▶ _What you have to do_
Return the lines of the listing below exactly as they appear, beginning at the one with "GrenerPower 12.8V100Ah LiFePO4" and stopping after the one with "O SecapsBlack entrou"; do not include pictures.

▶ _Input records_
:::

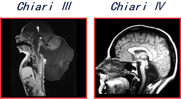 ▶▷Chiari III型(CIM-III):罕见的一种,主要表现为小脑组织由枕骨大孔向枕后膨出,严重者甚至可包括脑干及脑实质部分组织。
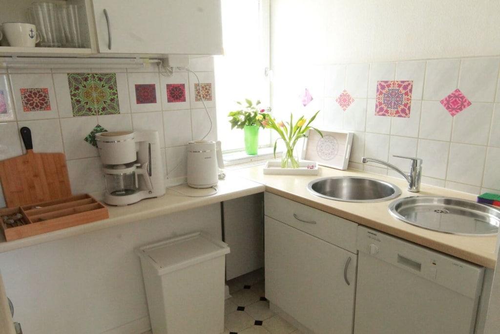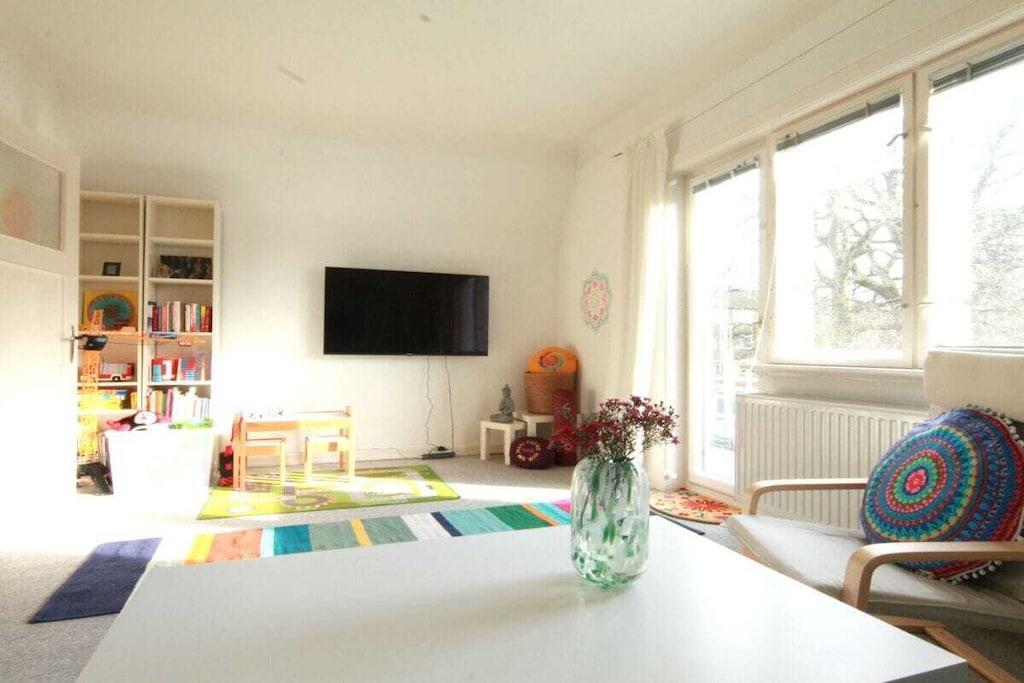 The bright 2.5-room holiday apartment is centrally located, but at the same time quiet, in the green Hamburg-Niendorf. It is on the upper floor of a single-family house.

:::

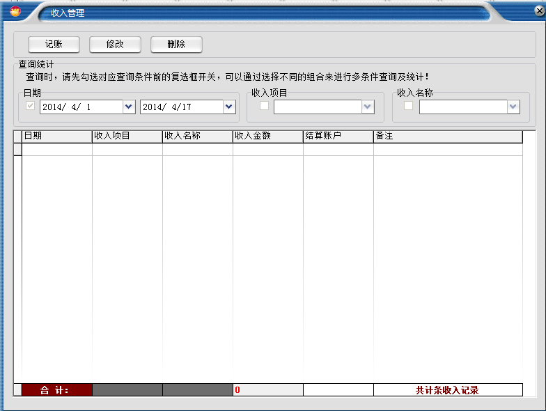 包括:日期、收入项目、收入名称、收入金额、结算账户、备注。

:::

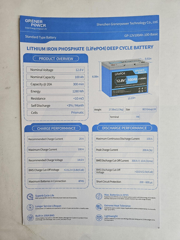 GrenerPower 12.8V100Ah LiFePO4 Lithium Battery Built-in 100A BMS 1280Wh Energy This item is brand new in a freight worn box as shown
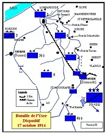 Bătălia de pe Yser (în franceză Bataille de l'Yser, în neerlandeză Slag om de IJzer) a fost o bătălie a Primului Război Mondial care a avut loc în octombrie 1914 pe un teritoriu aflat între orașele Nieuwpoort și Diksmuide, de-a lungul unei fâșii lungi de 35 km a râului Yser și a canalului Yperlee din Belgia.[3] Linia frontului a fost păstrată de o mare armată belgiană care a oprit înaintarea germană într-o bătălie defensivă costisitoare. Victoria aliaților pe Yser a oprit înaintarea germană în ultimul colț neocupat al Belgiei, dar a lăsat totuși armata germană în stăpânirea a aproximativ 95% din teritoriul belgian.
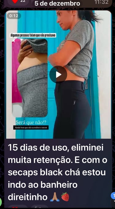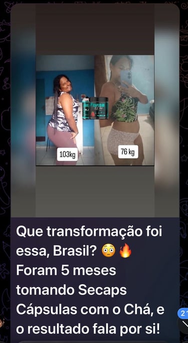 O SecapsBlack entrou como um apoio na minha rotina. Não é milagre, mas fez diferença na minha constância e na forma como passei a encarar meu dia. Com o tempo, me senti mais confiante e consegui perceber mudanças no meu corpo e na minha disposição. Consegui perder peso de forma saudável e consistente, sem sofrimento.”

:::

▶ _Solution to the problem_
 GrenerPower 12.8V100Ah LiFePO4 Lithium Battery Built-in 100A BMS 1280Wh Energy This item is brand new in a freight worn box as shown
 Bătălia de pe Yser (în franceză Bataille de l'Yser, în neerlandeză Slag om de IJzer) a fost o bătălie a Primului Război Mondial care a avut loc în octombrie 1914 pe un teritoriu aflat între orașele Nieuwpoort și Diksmuide, de-a lungul unei fâșii lungi de 35 km a râului Yser și a canalului Yperlee din Belgia.[3] Linia frontului a fost păstrată de o mare armată belgiană care a oprit înaintarea germană într-o bătălie defensivă costisitoare. Victoria aliaților pe Yser a oprit înaintarea germană în ultimul colț neocupat al Belgiei, dar a lăsat totuși armata germană în stăpânirea a aproximativ 95% din teritoriul belgian.
 O SecapsBlack entrou como um apoio na minha rotina. Não é milagre, mas fez diferença na minha constância e na forma como passei a encarar meu dia. Com o tempo, me senti mais confiante e consegui perceber mudanças no meu corpo e na minha disposição. Consegui perder peso de forma saudável e consistente, sem sofrimento.”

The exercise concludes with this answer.